## [What the task asks]
Among the entries below, retype exactly the lines starting with the one with "高润霞重点从党的十九届六中全" and going on through the one with "耐火性に優れた外壁と同様、室", but not the pictures.
----- Records supplied -----
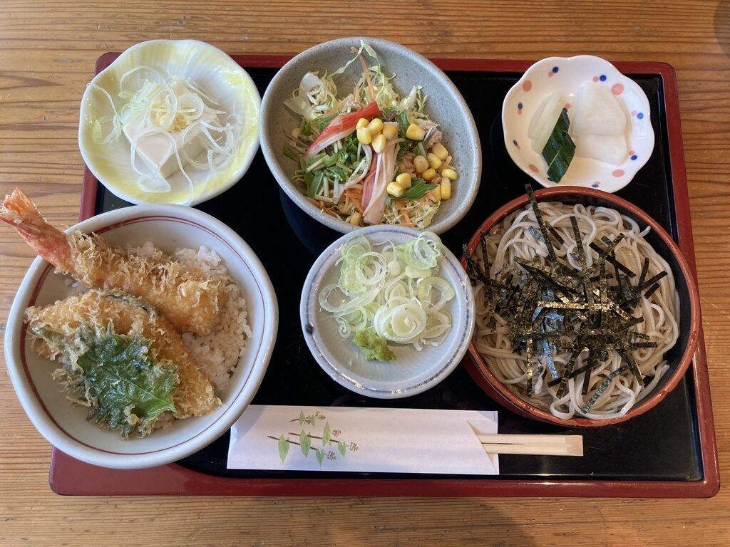 特に、甘辛いタレが染み込んだミニカツ丼や天丼+麺のセットは、お腹いっぱい食べたい方におすすめ!(※写真は蕎麦のセットです)
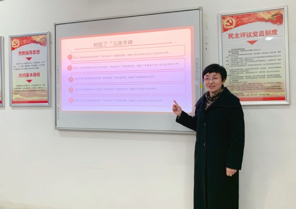 高润霞重点从党的十九届六中全会的总体情况、党的十九届六中全会树起的“五座丰碑”、习近平总书记重要讲话中强调指出的“六个深入研究”的细化安排等方面进行了学习分享。
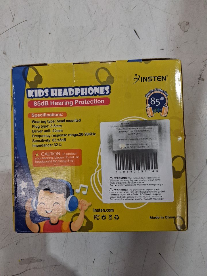 KID'S INSTEN ADJUSTABLE WIRED HEADPHONES - 3.5MM, 85DB VOLUME PROTECTION - BLUE/GREEN
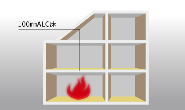 耐火性に優れた外壁と同様、室内の床下に厚さ100mmのALC床パネルを採用。建物内の燃え広がりを抑えるだけでなく、隣家への延焼防止にも効果を発揮します。
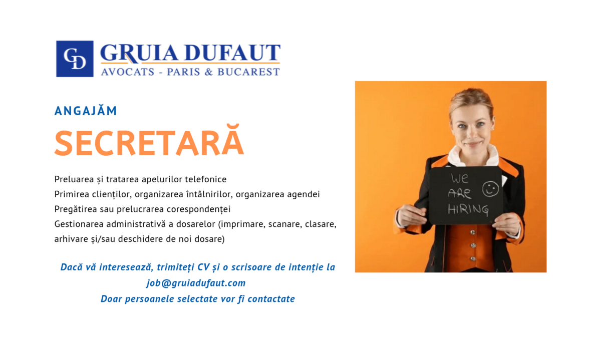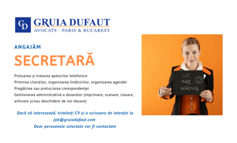 Cabinetul de avocatură GRUIA DUFAUT recrutează un/o secretar(ă). Postul este disponibil imediat pentru sediul din București situat în centrul orașului (Bd. Hristo Botev nr. 28, Sector 3)
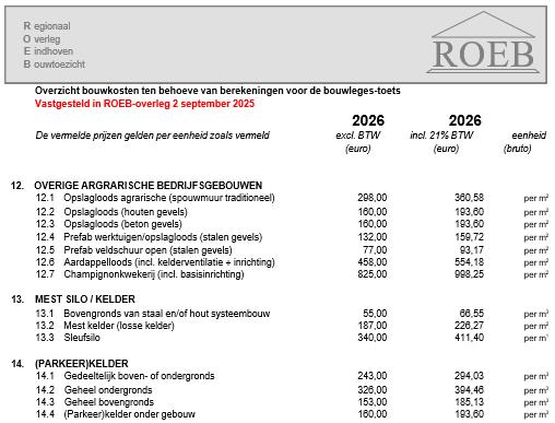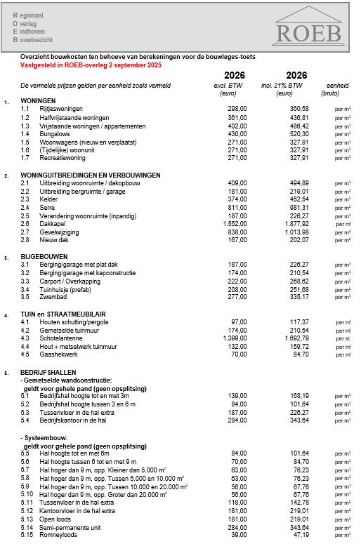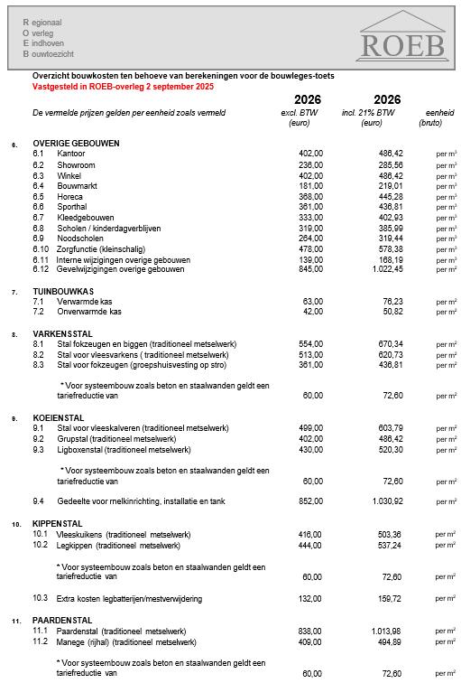 - bouwkosten: bij het bepalen van de hoogte van de bouwkosten wordt uitgegaan van de prijzen per eenheid zoals die jaarlijks worden vastgesteld door het ROEB (Regionaal Overleg Eindhoven Bouwtoezicht) zoals gevoegd bij deze tarieventabel als bijlage 1. Indien de bouwkosten niet kunnen worden bepaald aan de hand van de hiervoor genoemde bijlage 1 omdat de bouwwerken qua functie niet passen of niet voorkomen binnen de normatieve bouwkosten van bijlage 1 geldt dat onder de bouwkosten wordt verstaan: de aannemingssom exclusief omzetbelasting, bedoeld in paragraaf 1, eerste lid, van de Uniforme administratieve voorwaarden voor de uitvoering van werken en van technische installatiewerken 2012 (UAV 2012, Stcrt. 1567), voor het uit te voeren werk, of voor zover deze ontbreekt een raming van de kosten die voortvloeien uit aangegane verplichtingen ten behoeve van de fysieke realisatie (het bouwen) van de bouwwerken, exclusief omzetbelasting of als het bouwen geheel of gedeeltelijk door zelfwerkzaamheid geschiedt, de prijs die aan een derde in het economisch verkeer zou moeten worden betaald voor het tot stand brengen van het bouwwerk waarop de aanvraag betrekking heeft.
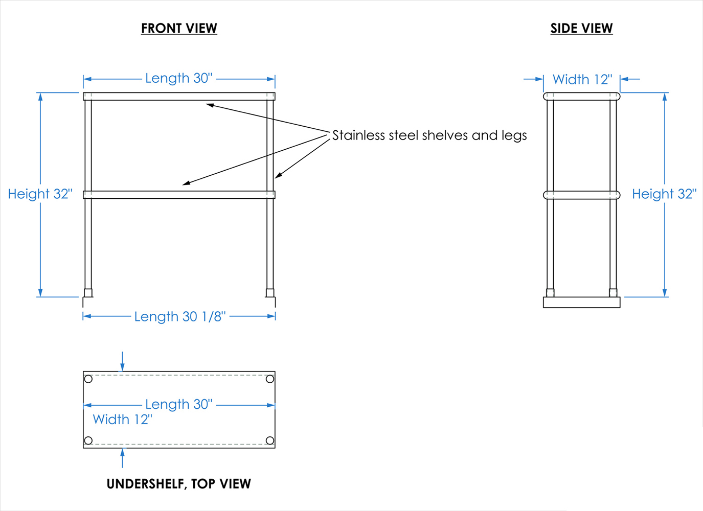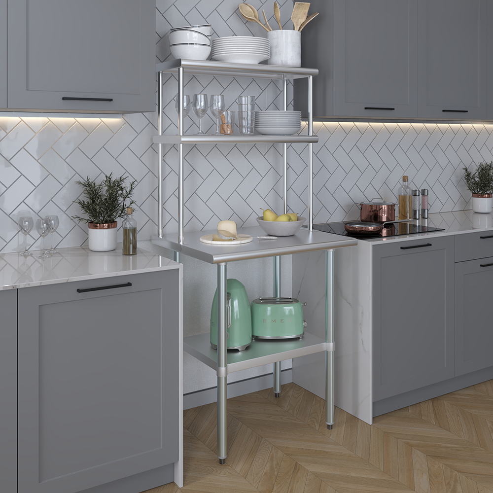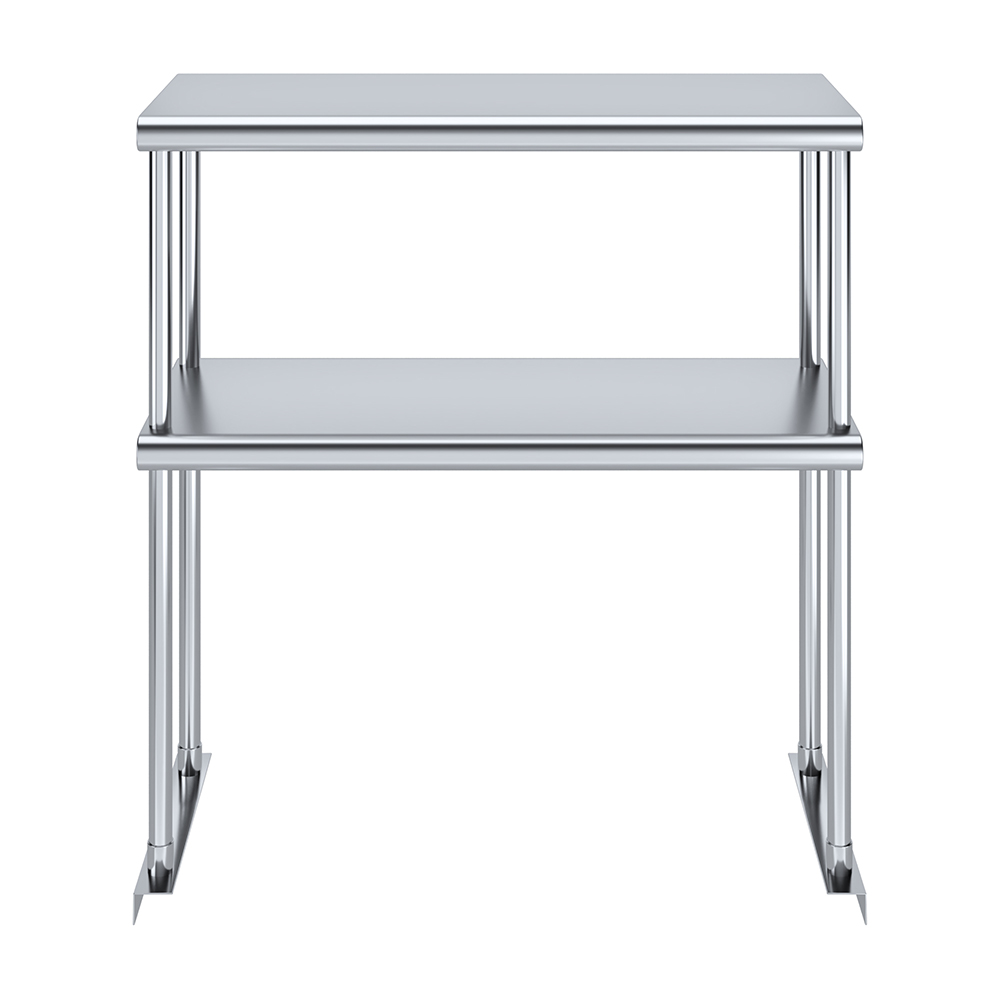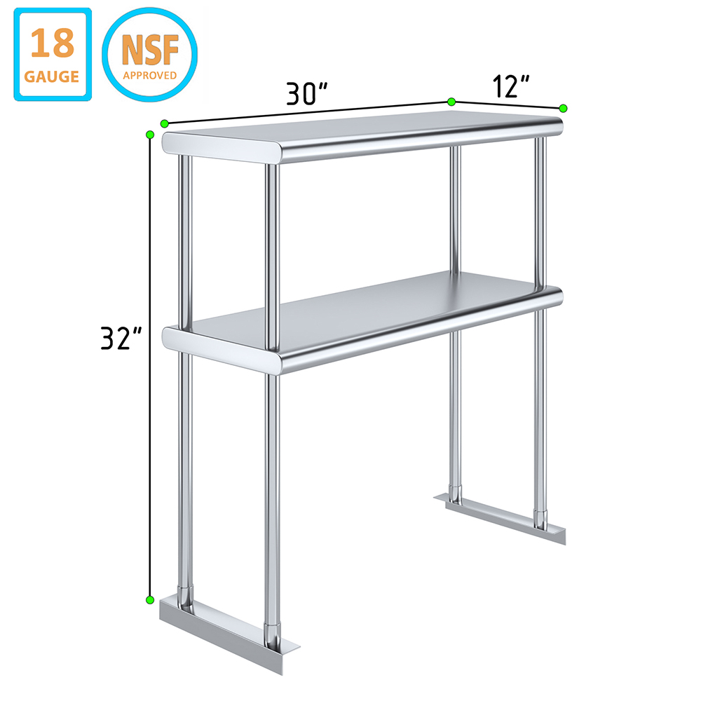 Measuring 12 inches in width and 30 inches in length, this compact yet spacious shelf offers ample storage space across two tiers. The double-tier design maximizes vertical storage capacity, making it ideal for organizing a variety of kitchen essentials, including utensils, ingredients, cookware, and equipment. The open-shelf design allows for easy access and quick retrieval of items, streamlining your workflow and improving productivity.
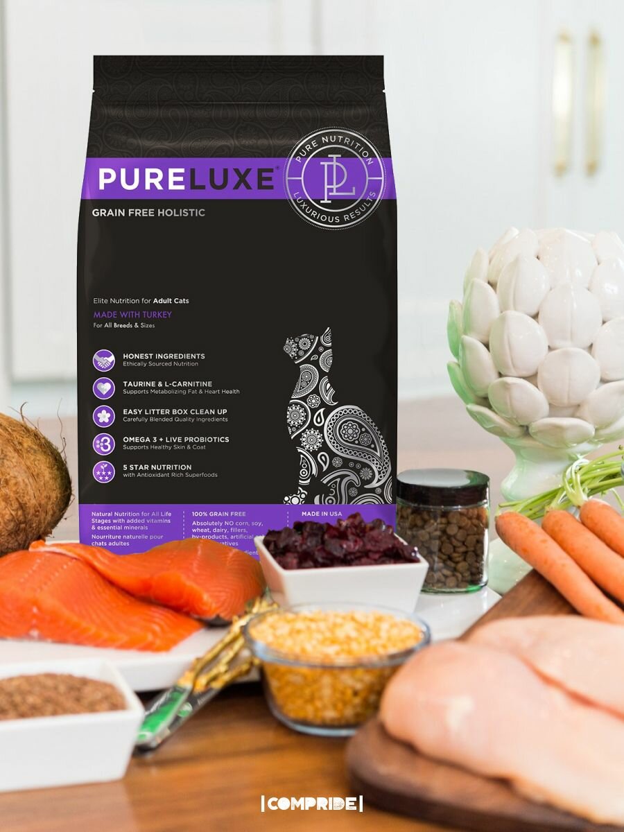 Сухой корм для кошек PureLuxe Пурлюкс беззерновой корм класса холистик для взрослых кошек всех пород и размеров со свежей индейкой , 1,5 кг.
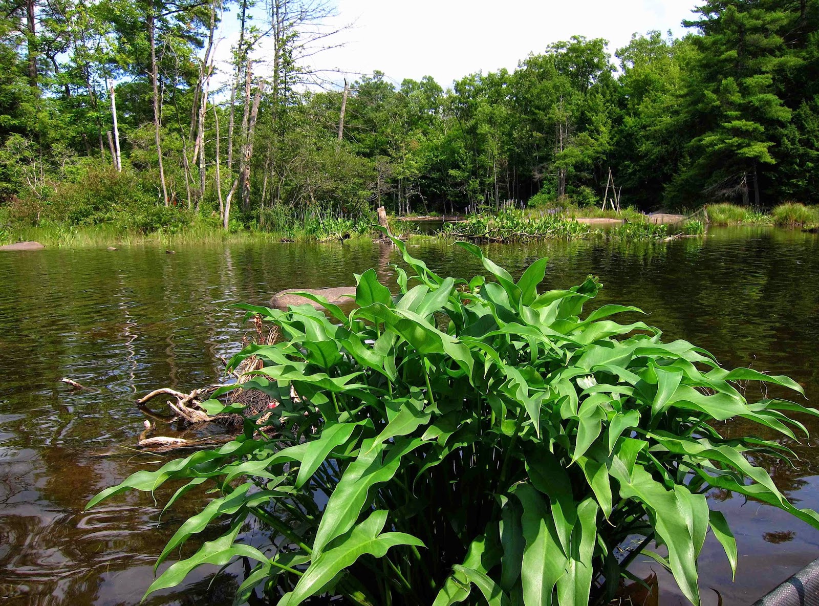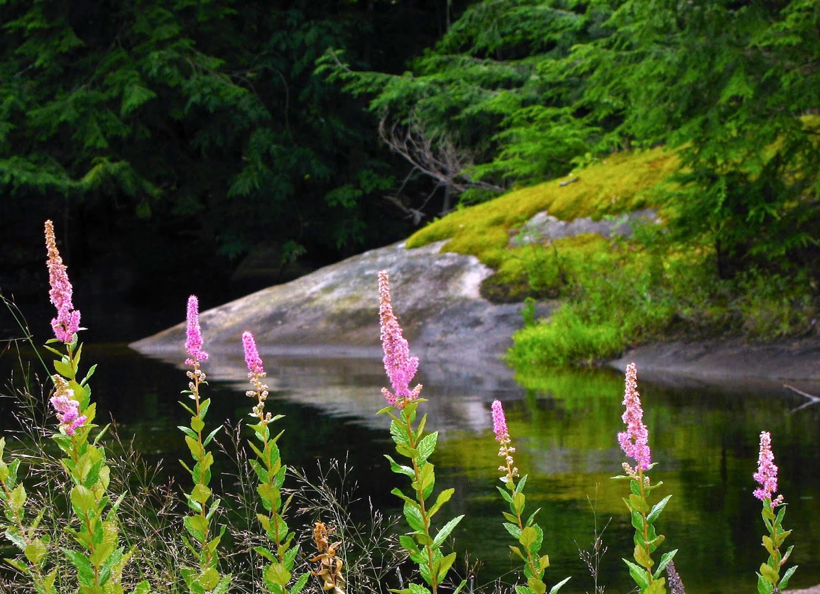 It amazes me how every year the landscape of this marshy area undergoes change, although the individual flowers remain the same. Looking through my photo files, I found a shot from four years ago that shows a parade of Steeplebush spires (Spiraea tomentosa) populating the very same rock where the Pickerelweed blooms this year. There was Steeplebush blooming in this marsh today, but not in as spectacular array as four years ago. What a lucky event that was, with the water, the light, and the flowers all caught at the perfect moment. Sometimes the beauty of this place just takes my breath away!
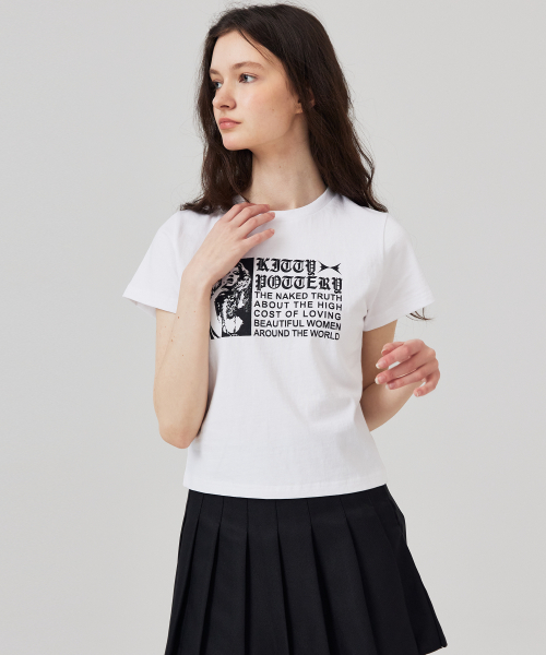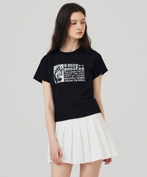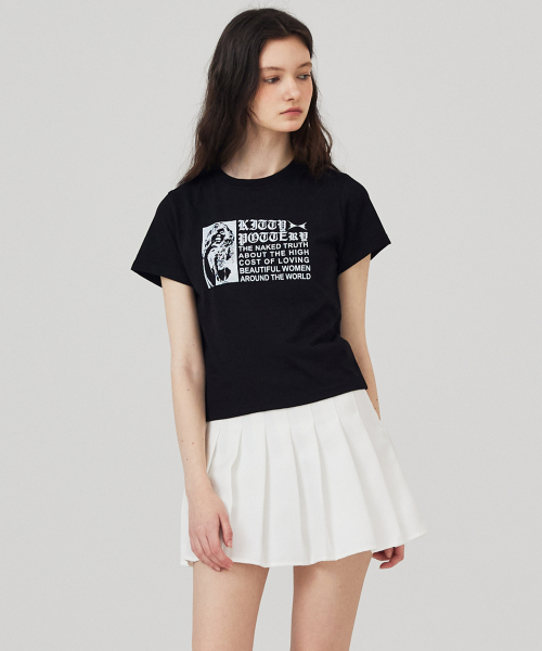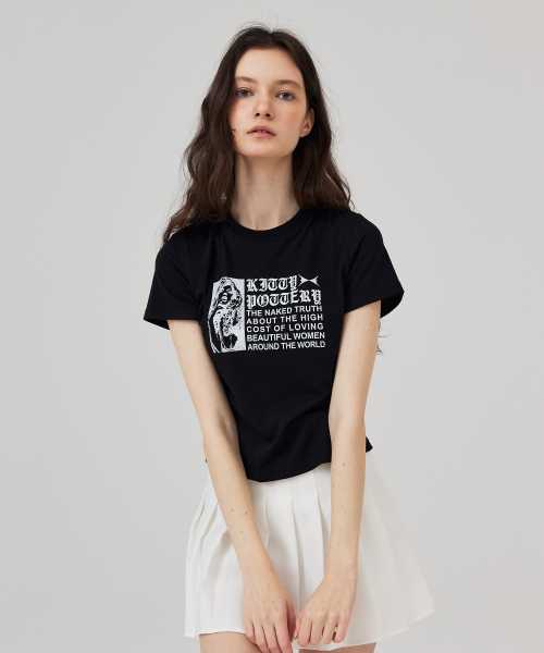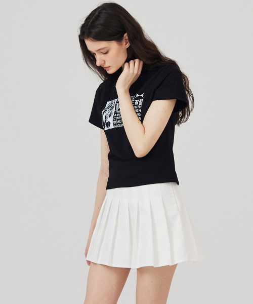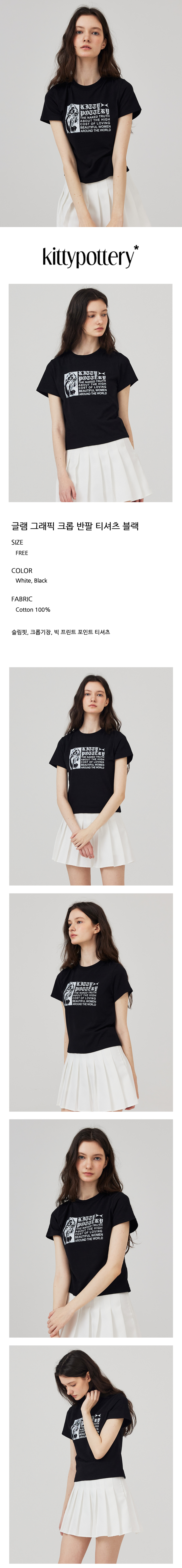 글램 그래픽 크롭 반팔 티셔츠 블랙
-----
## [Solution below]
 高润霞重点从党的十九届六中全会的总体情况、党的十九届六中全会树起的“五座丰碑”、习近平总书记重要讲话中强调指出的“六个深入研究”的细化安排等方面进行了学习分享。
 KID'S INSTEN ADJUSTABLE WIRED HEADPHONES - 3.5MM, 85DB VOLUME PROTECTION - BLUE/GREEN
 耐火性に優れた外壁と同様、室内の床下に厚さ100mmのALC床パネルを採用。建物内の燃え広がりを抑えるだけでなく、隣家への延焼防止にも効果を発揮します。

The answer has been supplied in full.